(EXERCISE INSTRUCTIONS): Copy out exactly, from the entries that follow, the line holding "Slika 21. Njemački lovni terijer u vodi", the line holding "Figura 4: Moinho Willey", and all lines between them, but no pictures.

(WORKING DATA):
____
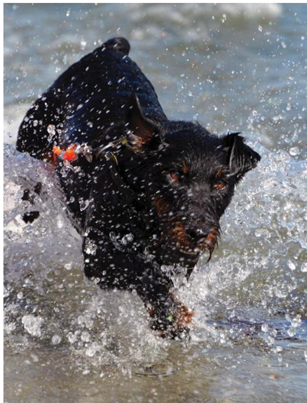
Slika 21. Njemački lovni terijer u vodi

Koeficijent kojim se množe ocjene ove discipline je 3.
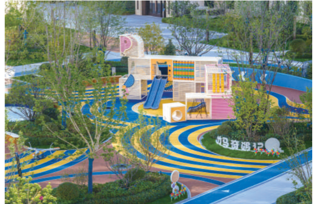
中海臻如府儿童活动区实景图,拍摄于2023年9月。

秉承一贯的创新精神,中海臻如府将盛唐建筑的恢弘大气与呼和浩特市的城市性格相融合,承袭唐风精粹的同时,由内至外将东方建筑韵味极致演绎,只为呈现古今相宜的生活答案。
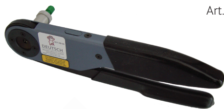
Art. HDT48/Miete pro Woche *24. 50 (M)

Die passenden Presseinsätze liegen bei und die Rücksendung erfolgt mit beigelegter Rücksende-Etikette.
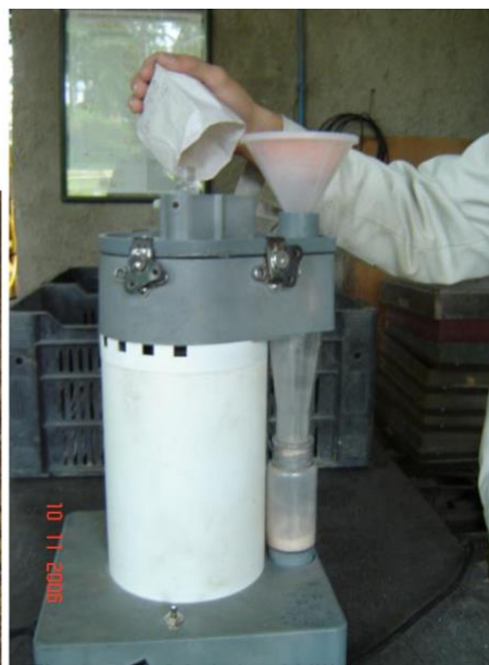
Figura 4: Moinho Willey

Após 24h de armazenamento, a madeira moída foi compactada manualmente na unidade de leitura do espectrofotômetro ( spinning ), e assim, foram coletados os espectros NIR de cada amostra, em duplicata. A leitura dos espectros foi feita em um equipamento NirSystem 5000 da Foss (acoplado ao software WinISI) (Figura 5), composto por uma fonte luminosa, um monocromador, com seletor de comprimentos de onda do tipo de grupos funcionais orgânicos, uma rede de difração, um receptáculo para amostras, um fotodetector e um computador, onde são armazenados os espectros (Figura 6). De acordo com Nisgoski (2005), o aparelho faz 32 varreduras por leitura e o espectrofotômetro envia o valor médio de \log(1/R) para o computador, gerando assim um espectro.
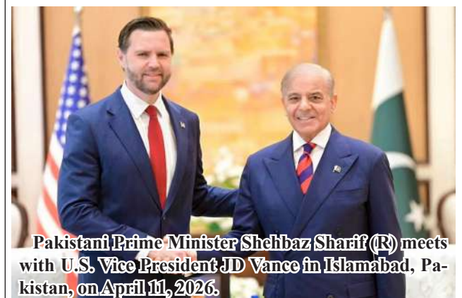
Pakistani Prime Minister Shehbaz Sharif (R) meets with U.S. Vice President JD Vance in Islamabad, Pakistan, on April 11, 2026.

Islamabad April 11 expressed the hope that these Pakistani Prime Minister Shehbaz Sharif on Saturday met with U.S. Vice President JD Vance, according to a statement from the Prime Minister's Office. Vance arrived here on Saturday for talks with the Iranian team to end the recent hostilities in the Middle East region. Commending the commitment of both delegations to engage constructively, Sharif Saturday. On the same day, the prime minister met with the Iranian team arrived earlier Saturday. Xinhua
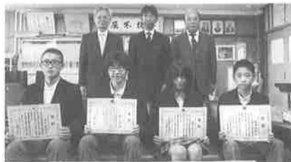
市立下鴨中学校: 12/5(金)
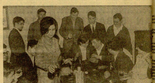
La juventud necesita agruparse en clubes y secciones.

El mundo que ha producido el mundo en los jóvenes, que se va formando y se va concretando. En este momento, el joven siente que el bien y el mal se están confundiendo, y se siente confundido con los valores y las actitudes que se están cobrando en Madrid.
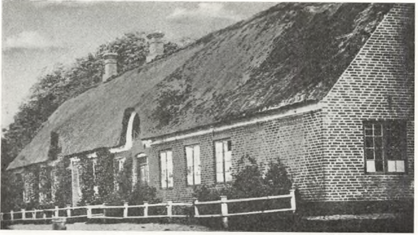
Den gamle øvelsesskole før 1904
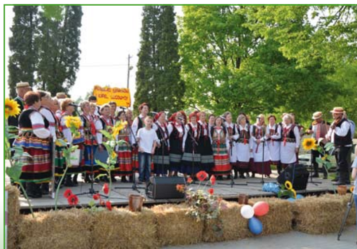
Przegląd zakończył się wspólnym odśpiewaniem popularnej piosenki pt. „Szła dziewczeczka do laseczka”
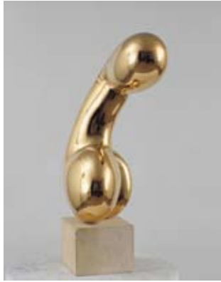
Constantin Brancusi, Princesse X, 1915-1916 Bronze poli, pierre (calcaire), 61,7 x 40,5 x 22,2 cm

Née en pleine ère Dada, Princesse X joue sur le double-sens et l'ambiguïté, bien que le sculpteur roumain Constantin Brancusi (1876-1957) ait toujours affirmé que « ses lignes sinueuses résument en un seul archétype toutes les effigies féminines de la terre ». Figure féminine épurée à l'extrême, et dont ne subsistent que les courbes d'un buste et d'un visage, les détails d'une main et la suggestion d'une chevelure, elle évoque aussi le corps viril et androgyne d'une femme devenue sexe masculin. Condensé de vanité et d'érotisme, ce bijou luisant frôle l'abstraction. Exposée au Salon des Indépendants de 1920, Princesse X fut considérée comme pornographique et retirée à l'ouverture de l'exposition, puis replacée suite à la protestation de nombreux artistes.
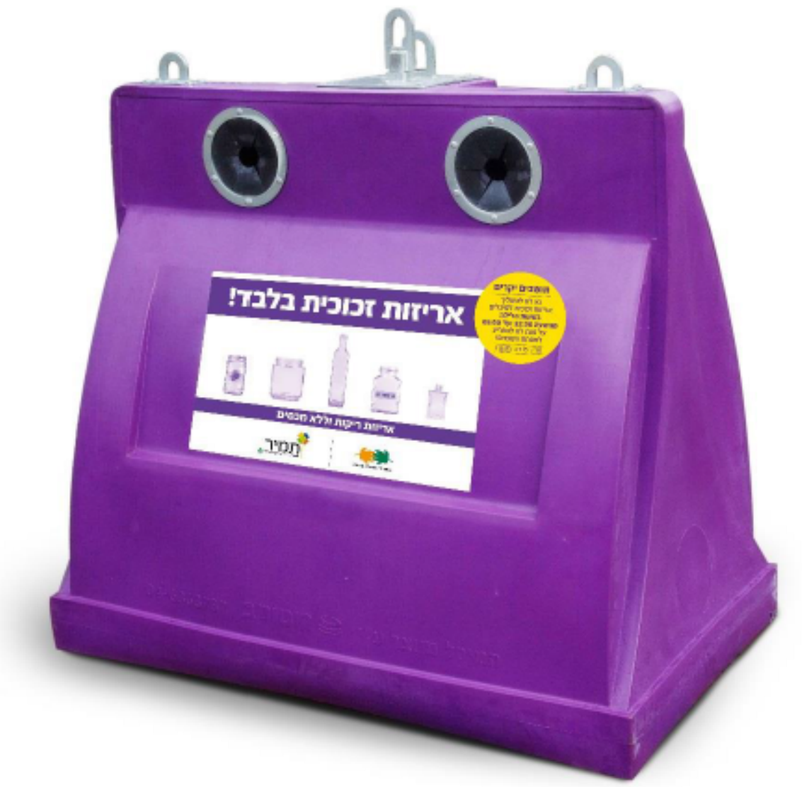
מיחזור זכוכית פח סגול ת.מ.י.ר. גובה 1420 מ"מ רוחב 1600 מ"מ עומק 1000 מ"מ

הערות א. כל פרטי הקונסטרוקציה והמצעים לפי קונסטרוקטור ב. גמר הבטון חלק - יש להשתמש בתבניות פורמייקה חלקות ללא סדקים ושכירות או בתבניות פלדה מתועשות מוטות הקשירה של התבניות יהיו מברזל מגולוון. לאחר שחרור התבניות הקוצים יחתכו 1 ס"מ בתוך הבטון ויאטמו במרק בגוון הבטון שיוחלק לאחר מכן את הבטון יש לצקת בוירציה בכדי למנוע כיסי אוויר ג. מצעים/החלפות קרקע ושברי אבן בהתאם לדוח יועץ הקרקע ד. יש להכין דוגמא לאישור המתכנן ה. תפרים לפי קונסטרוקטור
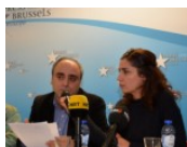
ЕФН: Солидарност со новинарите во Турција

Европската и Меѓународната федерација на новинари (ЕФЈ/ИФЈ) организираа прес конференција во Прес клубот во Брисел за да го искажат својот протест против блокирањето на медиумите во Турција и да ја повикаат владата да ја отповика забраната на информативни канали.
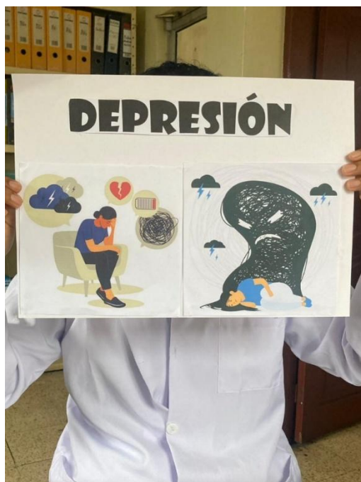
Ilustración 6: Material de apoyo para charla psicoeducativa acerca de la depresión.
____
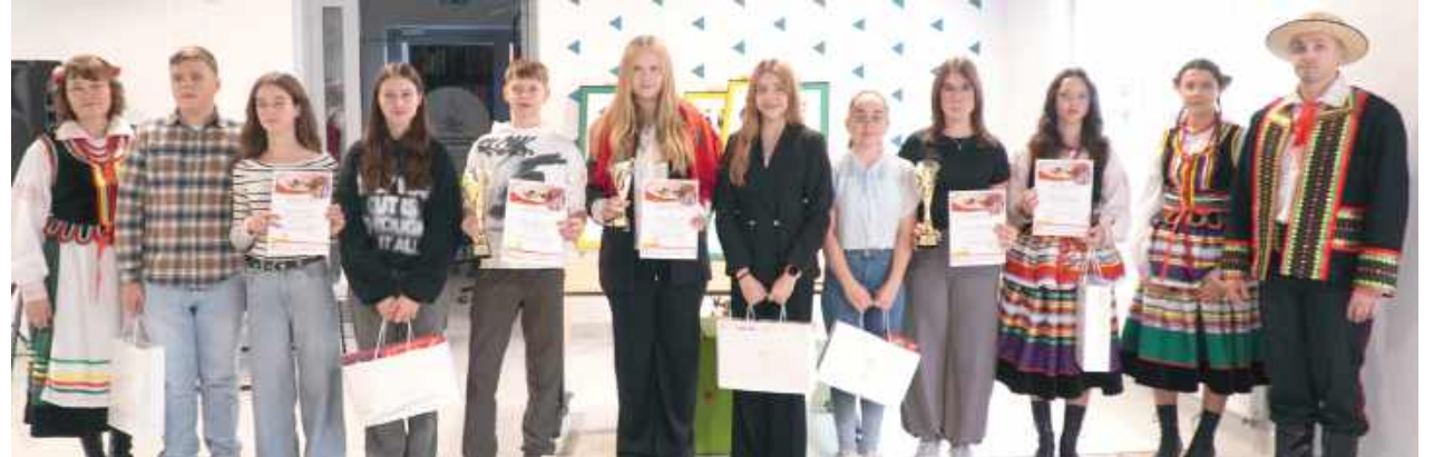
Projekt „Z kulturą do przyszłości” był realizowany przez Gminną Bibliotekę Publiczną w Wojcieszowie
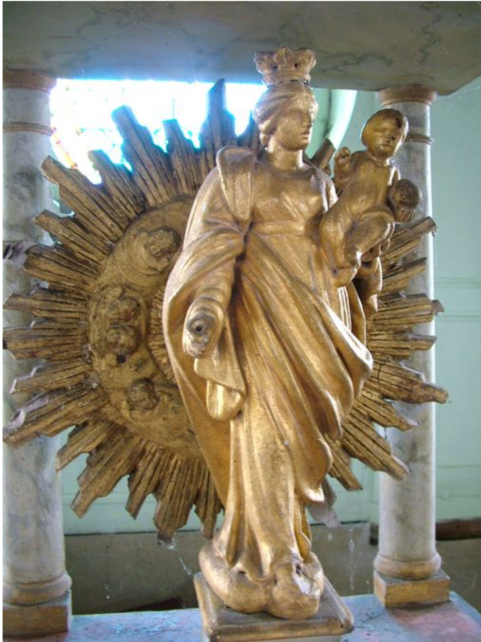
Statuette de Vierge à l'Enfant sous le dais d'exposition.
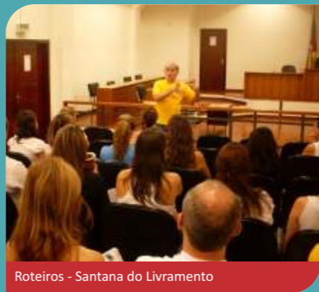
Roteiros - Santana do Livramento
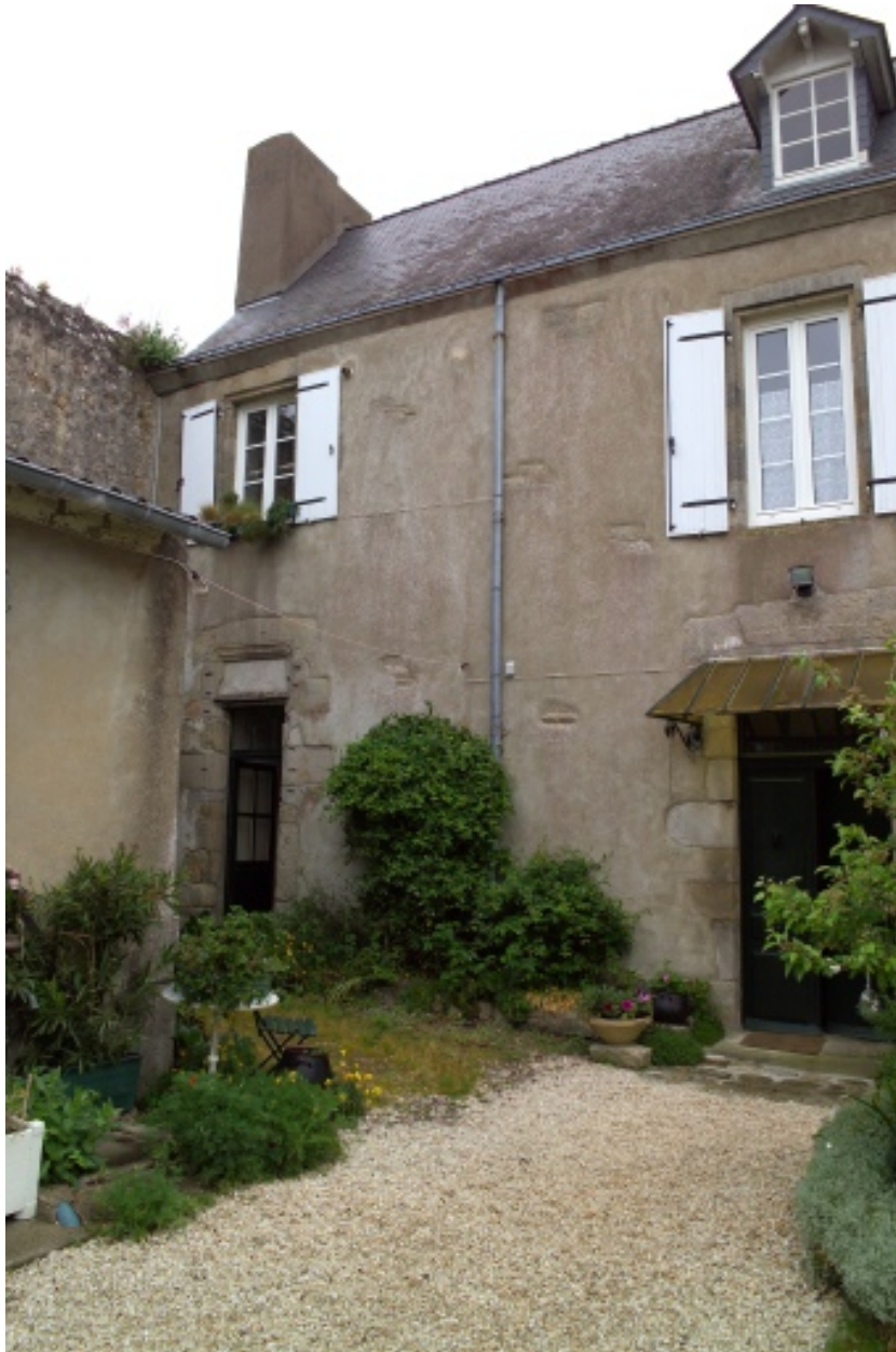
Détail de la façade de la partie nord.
____
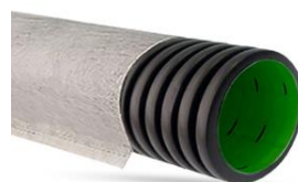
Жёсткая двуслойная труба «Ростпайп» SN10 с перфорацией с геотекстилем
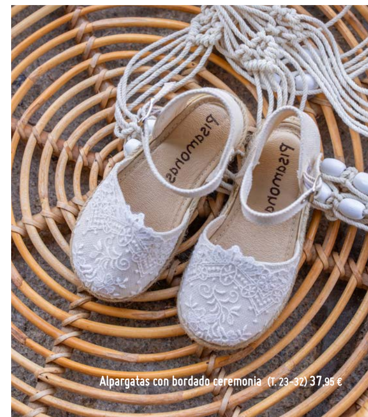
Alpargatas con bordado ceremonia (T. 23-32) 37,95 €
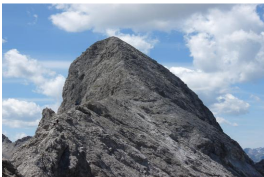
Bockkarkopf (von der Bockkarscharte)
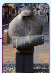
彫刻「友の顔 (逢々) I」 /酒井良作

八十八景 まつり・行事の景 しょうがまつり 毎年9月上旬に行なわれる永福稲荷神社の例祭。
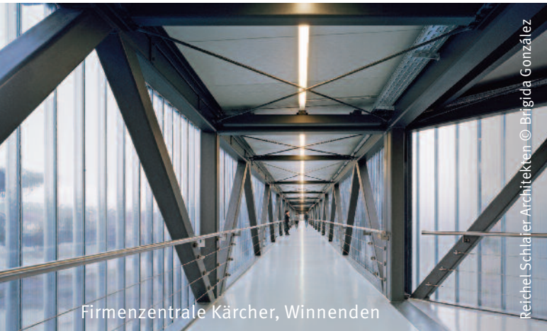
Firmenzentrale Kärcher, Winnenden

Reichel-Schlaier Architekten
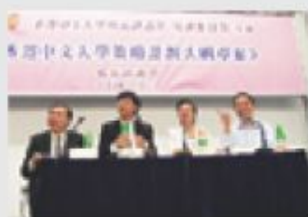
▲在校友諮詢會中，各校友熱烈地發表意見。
____
(ANSWER BOX):
Slika 21. Njemački lovni terijer u vodi

Koeficijent kojim se množe ocjene ove discipline je 3.
中海臻如府儿童活动区实景图,拍摄于2023年9月。

秉承一贯的创新精神,中海臻如府将盛唐建筑的恢弘大气与呼和浩特市的城市性格相融合,承袭唐风精粹的同时,由内至外将东方建筑韵味极致演绎,只为呈现古今相宜的生活答案。
Art. HDT48/Miete pro Woche *24. 50 (M)

Die passenden Presseinsätze liegen bei und die Rücksendung erfolgt mit beigelegter Rücksende-Etikette.
Figura 4: Moinho Willey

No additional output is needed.